Ручное создание Post Save Signal делает приложение медленным, Django
У нас есть Django-приложение, которое использует Django-river для управления рабочими процессами. Для повышения производительности нам пришлось использовать bulk_create. Нам нужно вставить данные в несколько таблиц и по несколько строк в каждой. Первоначально мы использовали обычный метод .save(), и рабочий процесс работал так, как ожидалось (поскольку сигналы после сохранения создавались правильно). Но как только мы перешли к bulk_create, производительность повысилась с минут до секунд. Но Django_river перестал работать, так как в нем не было сигналов по умолчанию для постсохранения. Нам пришлось реализовать сигналы на основе имеющейся документации.
class CustomManager(models.Manager):
def bulk_create(items,....):
super().bulk_create(...)
for i in items:
[......] # code to send signal
И
class Task(models.Model):
objects = CustomManager()
....
В результате рабочий процесс снова заработал, но генерация сигналов занимает время, и это уничтожает все улучшение производительности, полученное с помощью bulk_create. Есть ли способ улучшить создание сигналов?
В чем проблема?
Как уже отмечалось в комментариях, проблема заключается в том, что функции, вызываемые через post_save
, занимают много времени. (Помните, что сигналы не являются асинхронными! - это распространенное заблуждение).
Я не знаком с django-river
, но если быстро взглянуть на функции, которые будут вызваны после сохранения (см. здесь и здесь), то можно увидеть, что они включают дополнительные обращения к базе данных.

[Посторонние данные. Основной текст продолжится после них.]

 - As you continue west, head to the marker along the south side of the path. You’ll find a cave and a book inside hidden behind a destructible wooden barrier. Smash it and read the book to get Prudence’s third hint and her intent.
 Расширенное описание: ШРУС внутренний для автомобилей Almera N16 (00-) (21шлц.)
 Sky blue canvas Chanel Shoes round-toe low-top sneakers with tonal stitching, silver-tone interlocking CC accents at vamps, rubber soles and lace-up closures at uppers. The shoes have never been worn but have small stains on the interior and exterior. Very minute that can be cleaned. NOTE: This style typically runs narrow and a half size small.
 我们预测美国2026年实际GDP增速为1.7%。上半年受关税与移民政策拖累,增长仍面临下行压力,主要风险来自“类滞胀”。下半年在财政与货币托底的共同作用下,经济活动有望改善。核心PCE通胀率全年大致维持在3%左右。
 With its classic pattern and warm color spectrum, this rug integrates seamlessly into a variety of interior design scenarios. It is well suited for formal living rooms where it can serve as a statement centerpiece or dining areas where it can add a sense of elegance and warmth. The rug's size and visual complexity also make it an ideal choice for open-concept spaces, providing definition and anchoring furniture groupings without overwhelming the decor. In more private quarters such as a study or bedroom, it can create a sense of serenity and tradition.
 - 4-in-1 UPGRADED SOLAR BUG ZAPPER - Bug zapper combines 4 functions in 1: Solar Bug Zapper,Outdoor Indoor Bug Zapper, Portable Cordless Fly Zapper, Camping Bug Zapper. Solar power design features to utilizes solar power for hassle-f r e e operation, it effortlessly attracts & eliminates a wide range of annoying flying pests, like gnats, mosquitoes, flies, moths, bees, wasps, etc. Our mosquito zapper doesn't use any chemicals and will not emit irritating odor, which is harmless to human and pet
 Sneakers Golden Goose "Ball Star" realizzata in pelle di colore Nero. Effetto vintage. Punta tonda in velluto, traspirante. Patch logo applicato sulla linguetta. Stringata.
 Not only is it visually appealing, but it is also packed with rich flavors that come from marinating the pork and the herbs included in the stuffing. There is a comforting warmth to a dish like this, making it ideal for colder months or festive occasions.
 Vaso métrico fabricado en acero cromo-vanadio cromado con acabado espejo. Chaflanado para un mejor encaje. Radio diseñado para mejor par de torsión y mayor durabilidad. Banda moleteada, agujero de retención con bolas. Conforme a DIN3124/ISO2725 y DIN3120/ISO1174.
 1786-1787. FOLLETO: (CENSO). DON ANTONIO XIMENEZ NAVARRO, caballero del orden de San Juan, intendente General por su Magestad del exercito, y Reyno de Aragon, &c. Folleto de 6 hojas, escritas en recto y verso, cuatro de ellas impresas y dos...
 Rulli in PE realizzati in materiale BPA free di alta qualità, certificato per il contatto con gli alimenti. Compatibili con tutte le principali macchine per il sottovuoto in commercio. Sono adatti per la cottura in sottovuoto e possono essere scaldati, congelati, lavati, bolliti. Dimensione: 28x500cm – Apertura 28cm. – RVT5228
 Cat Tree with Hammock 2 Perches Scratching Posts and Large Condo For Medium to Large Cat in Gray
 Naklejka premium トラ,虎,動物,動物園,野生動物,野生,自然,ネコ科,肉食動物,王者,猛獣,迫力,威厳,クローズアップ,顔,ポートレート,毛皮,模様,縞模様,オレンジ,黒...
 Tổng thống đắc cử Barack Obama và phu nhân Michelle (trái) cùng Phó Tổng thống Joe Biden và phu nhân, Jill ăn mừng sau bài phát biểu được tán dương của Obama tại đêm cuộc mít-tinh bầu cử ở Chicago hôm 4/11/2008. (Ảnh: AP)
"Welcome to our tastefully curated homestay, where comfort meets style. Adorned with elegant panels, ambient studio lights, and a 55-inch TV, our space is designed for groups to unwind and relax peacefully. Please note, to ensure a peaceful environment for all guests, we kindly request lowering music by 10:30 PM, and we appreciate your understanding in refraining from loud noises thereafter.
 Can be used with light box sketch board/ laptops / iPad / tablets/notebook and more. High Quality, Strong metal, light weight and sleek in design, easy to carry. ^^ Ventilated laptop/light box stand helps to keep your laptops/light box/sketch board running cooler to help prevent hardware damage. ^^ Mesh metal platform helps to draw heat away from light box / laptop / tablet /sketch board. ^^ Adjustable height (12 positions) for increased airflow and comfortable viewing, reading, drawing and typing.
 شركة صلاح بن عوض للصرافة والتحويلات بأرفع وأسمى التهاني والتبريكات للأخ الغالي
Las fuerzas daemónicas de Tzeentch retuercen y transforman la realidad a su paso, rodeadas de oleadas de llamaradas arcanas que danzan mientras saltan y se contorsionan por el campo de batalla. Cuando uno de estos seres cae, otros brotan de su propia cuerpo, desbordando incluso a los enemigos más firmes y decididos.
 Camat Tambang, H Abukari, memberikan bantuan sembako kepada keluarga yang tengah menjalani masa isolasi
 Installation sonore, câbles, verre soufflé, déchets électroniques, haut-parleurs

Хотя вы экономите много отдельных обращений к базе данных, используя bulk_create
, вы все равно обращаетесь к базе данных снова несколько раз для каждого сигнала post_save.
Что можно с этим сделать?
Короче говоря. Не много!!! Для подавляющего большинства запросов django, медленной частью будет обращение к базе данных. Вот почему мы стараемся минимизировать количество обращений к базе данных (используя такие вещи, как bulk_create
).
Прочитав первые несколько абзацев django-river
, можно понять, что вся идея заключается в том, чтобы перенести вещи, которые обычно находятся в коде, в базу данных. Большим преимуществом здесь является то, что вам не нужно часто переписывать код и развертывать его заново. Но недостатком является то, что вам неизбежно придется чаще обращаться к базе данных, что замедлит работу. Это подходит для некоторых случаев, но не для всех.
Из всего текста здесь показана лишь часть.